*** Dataset excerpts ***

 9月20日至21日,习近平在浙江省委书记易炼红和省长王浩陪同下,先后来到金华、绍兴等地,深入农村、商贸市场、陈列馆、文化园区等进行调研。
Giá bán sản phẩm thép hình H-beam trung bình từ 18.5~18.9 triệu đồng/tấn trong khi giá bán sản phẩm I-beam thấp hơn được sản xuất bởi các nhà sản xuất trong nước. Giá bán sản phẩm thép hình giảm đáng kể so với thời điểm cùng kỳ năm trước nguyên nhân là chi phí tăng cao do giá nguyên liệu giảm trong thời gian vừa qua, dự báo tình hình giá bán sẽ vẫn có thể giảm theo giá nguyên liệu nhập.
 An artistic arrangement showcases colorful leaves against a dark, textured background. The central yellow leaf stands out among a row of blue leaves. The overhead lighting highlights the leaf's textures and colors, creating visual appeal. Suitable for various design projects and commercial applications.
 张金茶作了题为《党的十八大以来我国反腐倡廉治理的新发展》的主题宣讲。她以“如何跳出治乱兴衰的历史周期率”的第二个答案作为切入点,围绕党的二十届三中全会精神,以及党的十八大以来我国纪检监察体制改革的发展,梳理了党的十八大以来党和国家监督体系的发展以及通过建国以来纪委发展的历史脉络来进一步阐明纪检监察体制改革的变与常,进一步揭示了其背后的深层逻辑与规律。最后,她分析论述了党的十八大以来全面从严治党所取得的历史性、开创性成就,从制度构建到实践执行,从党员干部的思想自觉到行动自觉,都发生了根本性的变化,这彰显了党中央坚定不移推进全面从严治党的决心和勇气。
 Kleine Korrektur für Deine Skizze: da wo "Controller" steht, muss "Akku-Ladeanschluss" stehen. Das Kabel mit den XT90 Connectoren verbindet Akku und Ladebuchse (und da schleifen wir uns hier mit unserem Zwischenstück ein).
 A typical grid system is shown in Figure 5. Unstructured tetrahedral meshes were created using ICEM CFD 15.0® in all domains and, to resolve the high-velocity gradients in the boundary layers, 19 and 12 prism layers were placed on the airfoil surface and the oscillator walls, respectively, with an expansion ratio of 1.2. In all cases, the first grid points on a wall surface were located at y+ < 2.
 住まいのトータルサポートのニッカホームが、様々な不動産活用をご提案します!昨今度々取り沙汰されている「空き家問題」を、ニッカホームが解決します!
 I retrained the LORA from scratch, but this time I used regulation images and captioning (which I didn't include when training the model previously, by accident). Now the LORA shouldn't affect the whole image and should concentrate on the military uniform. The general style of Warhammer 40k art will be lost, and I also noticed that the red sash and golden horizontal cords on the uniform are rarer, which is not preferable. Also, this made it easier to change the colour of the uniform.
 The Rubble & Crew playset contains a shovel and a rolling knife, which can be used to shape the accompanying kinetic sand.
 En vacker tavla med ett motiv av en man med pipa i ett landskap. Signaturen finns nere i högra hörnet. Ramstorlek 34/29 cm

***
*** Dataset excerpts ***

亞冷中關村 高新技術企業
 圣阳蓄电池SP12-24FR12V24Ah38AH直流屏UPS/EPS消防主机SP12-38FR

***

§ Instructions for the task:
The stretch of entries above that starts with the line containing "9月20日至21日,习近平在" and goes on through the line containing "Giá bán sản phẩm thép hình H-beam" is to be transcribed exactly, and no other line is to be transcribed.

§ Answer below:
 9月20日至21日,习近平在浙江省委书记易炼红和省长王浩陪同下,先后来到金华、绍兴等地,深入农村、商贸市场、陈列馆、文化园区等进行调研。
Giá bán sản phẩm thép hình H-beam trung bình từ 18.5~18.9 triệu đồng/tấn trong khi giá bán sản phẩm I-beam thấp hơn được sản xuất bởi các nhà sản xuất trong nước. Giá bán sản phẩm thép hình giảm đáng kể so với thời điểm cùng kỳ năm trước nguyên nhân là chi phí tăng cao do giá nguyên liệu giảm trong thời gian vừa qua, dự báo tình hình giá bán sẽ vẫn có thể giảm theo giá nguyên liệu nhập.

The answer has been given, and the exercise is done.